* WHAT YOU HAVE TO DO *
Output all of the data below without changing a word, and exclude the pictures.

* STORED DATA *
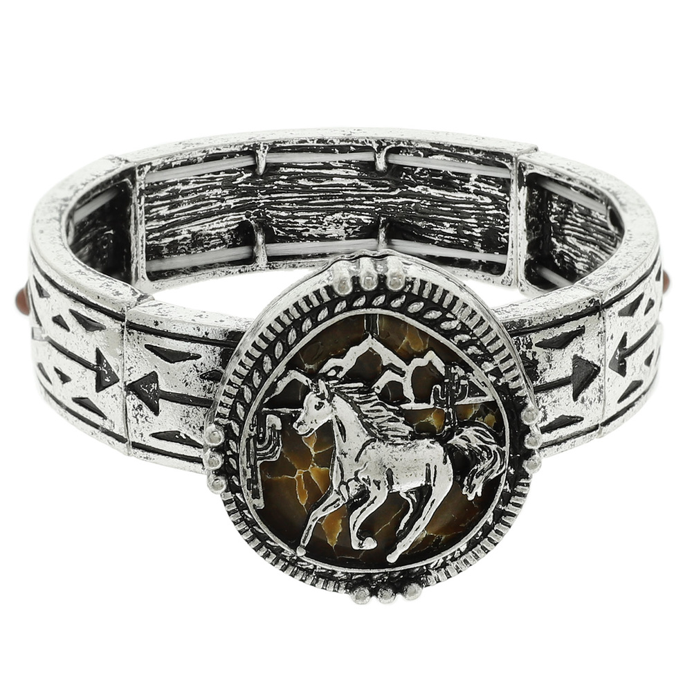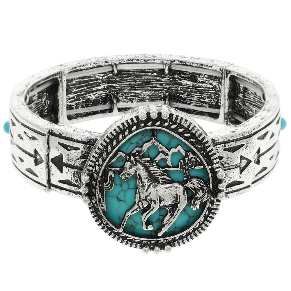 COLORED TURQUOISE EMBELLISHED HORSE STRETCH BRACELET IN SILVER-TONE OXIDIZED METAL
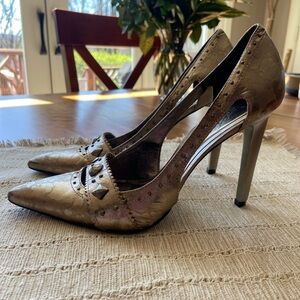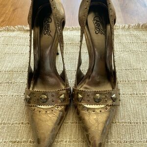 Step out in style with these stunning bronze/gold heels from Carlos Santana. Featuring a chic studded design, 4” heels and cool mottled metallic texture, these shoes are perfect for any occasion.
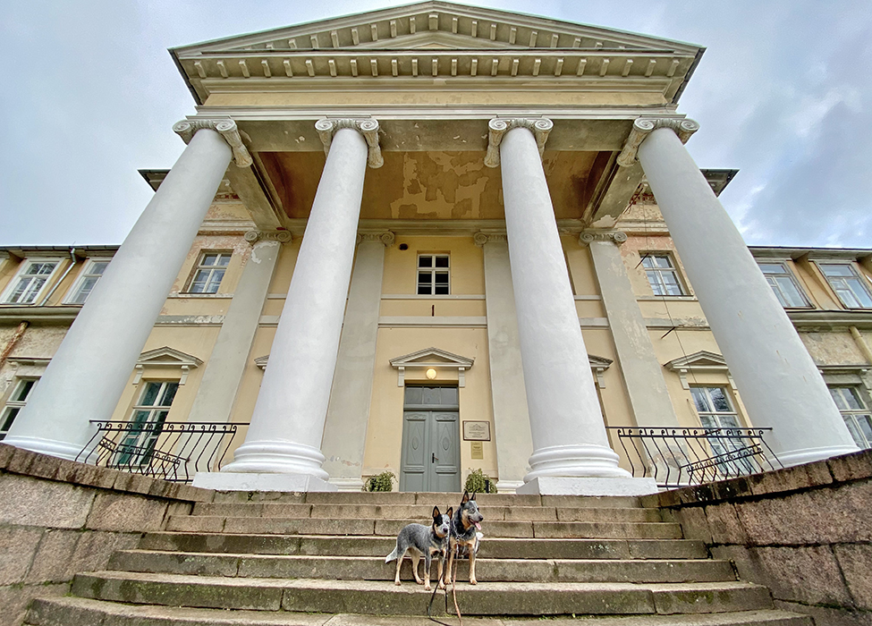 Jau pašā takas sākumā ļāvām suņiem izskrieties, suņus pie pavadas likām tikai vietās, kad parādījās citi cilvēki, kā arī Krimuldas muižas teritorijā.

* OUTPUT *
 COLORED TURQUOISE EMBELLISHED HORSE STRETCH BRACELET IN SILVER-TONE OXIDIZED METAL
 Step out in style with these stunning bronze/gold heels from Carlos Santana. Featuring a chic studded design, 4” heels and cool mottled metallic texture, these shoes are perfect for any occasion.
 Jau pašā takas sākumā ļāvām suņiem izskrieties, suņus pie pavadas likām tikai vietās, kad parādījās citi cilvēki, kā arī Krimuldas muižas teritorijā.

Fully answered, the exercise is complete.